Im Lauf des nächsten Jahrzehnts zu Level 4

Und bis wann könne man Level 4 erreichen? Daum rechnet hier damit, dass man „im Laufe der nächsten Dekade“ soweit sein könne, wobei er das nicht exakt vorhersagen möchte. Stand 2015 rechnete er selbst noch mit deutlich langsameren Fortschritten. Dafür erhöht er jetzt das Tempo und führt dafür zwei Hauptgründe an: Erstens soll sich das Frachtaufkommen weltweit zwischen 2015 und 2050 nochmal verdoppeln. Zweitens: Immer noch sind weit mehr als 90 Prozent aller Lkw-Unfälle von den Menschen verursacht!

Auf die Nachfrage, ob das autonome Fahren nicht Arbeitsplätze kosten werde und Angst schüren könnte, antwortet Daum differenziert. Ja, neue Entwicklungen hätten immer Arbeitsplätze gekostet, aber dafür seien in anderen Bereichen immer wieder neue Arbeitsplätze entstanden. Auch im Transportgewerbe würde heute schließlich komplett anders gearbeitet als vor 100 Jahren. Außerdem käme der Wandel nicht schlagartig, sondern Stück für Stück.

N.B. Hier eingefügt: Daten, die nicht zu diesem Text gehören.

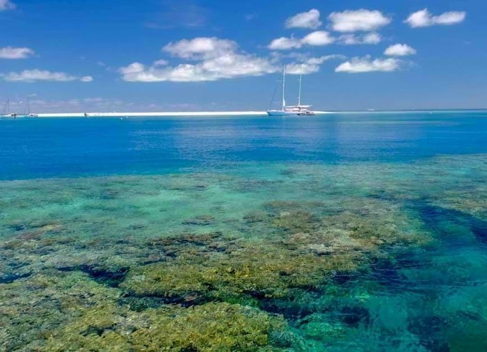 Bei dem Boot handelt es sich um einen gut 100 Fuß langen Luxus-Katamaran, welcher heute die Sandbänke des äußeren Riffs, Michaelmas Cay, ansteuert.

„In den USA gibt es rund vier Millionen Lkw, wenn wir davon 100.000 automatisieren könnten, wäre das schon eine riesige Anzahl – es blieben aber immer noch 3,9 Millionen konventionelle Lkw übrig“, rechnet Daum vor.

Die Sorgen der Menschen seien verständlich: Die US-Kollegen berichten, das rund zwei Drittel der Amerikaner autonomes Fahren kritisch sähen. Das macht Daum weniger Sorgen als in Europa, wo man „manchmal den Eindruck habe, 95 Prozent lehnten autonomes Fahren ab“. Hier sei noch ein weiter Weg zu gehen, denn technisch sei man schon weit gekommen.

Gretchenfrage: Wie steht es um die Datensicherheit?

Worauf auch die ständige Frage nach der Datensicherheit kommt. Welche Daum erwartet hat: Hier habe man neue Mitarbeiter eingestellt, die sich ausschließlich damit beschäftigen. Trotzdem: Die aktuell erreichten 99 Prozent Sicherheit der Systeme reichten beim Lkw nicht aus – hier müsse man auf 99,99999999 Prozent kommen, um die gewünschte Sicherheit zu erreichen, denn Lkw-Unfälle seien immer dramatischer als Pkw-Unfälle.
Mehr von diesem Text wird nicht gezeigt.